Jon Dember

After several years of contra dancing in upstate NY, I taught myself to play button accordion in the mid 1990's as another form of self expression. I liked the way it could be used like a percussive instrument while being very strong on melody. That combination meant that playing the instrument could be an extension of dancing; indeed with some high energy tunes I have a hard

time NOT dancing.
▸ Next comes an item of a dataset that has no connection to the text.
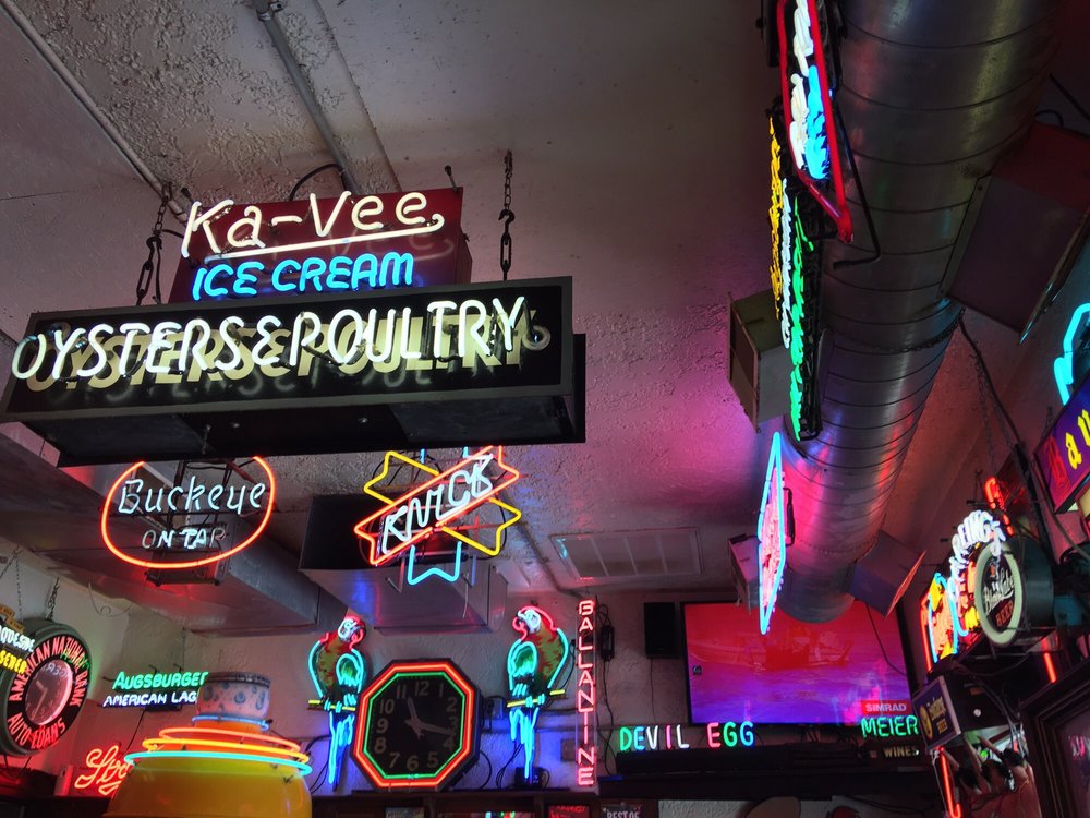 Certainly, a large factor in the restaurant’s popularity is its garish and kitsch decor. The outside is absolutely covered in neon signs from various other businesses and the inside is no different. It is filled with neon as well as vintage beer posters and enormous beer coolers made in the 1950s that hold 264 cases of beer each in their refrigerated interiors. The place is a feast for the eyes as much as the food is a feast for the stomach. Their self-description is “a quirky joint doling out beers and jumbo burgers with adventurous toppings in a neon-lit room.”

I also found that while being a good compliment to the string instruments, the "button box" is capable of piercing ambient street noise, making it perfect for the typically un-amplified outdoor performance.

 

Like many fellow amateur musicians I started learning tunes by playing in the rear section of the amorphous pick up band at the outdoor summer contra dance series on the Commons in Ithaca, NY. Migrating to the front of Your Friends and Neighbors, I became comfortable with most of the British Isles and American folk tunes typically played at New England contra dances.

 

In the late 1990's I also joined with fiddler Marty Blodgett to form the four piece Clusterflies, playing Irish and Americana based tunes at dances, socials, weddings, coffee houses, festivals, and the renowned Ithaca Farmers Market.

 

After moving to Newport, RI in 2002, I sought out similar musical social interactions, and found the very welcoming South County old tyme jam session led by Harry Buffam. In a continuation of my old habit , we soon were playing each Saturday morning in the summer under a tree at the Coastal Growers Market at Casey Farm in Saunderstown. After a season or two, one of the few jam members who continued to show up regularly was Steve "Doc" Wood. With his steel resonator guitar, we found we could be easily heard outdoors without amplification. Thus Farm Dog became the original, de facto house band at the market, until a rotating schedule of bands was instituted in more recent years.

 

After years of dancing and playing accordion, I still could not sing very easily (at least while playing). This irksome situation turned around after receiving a ukulele from a family member at a recent Christmas. This opened up the entire world of songs I had admired for years, and now enjoy playing at open mics in the Newport area.

 

The latest project using both the uke, vocals and accordians is with the Stillhouse Strays, doing alt country, indie, folk, and pop songs.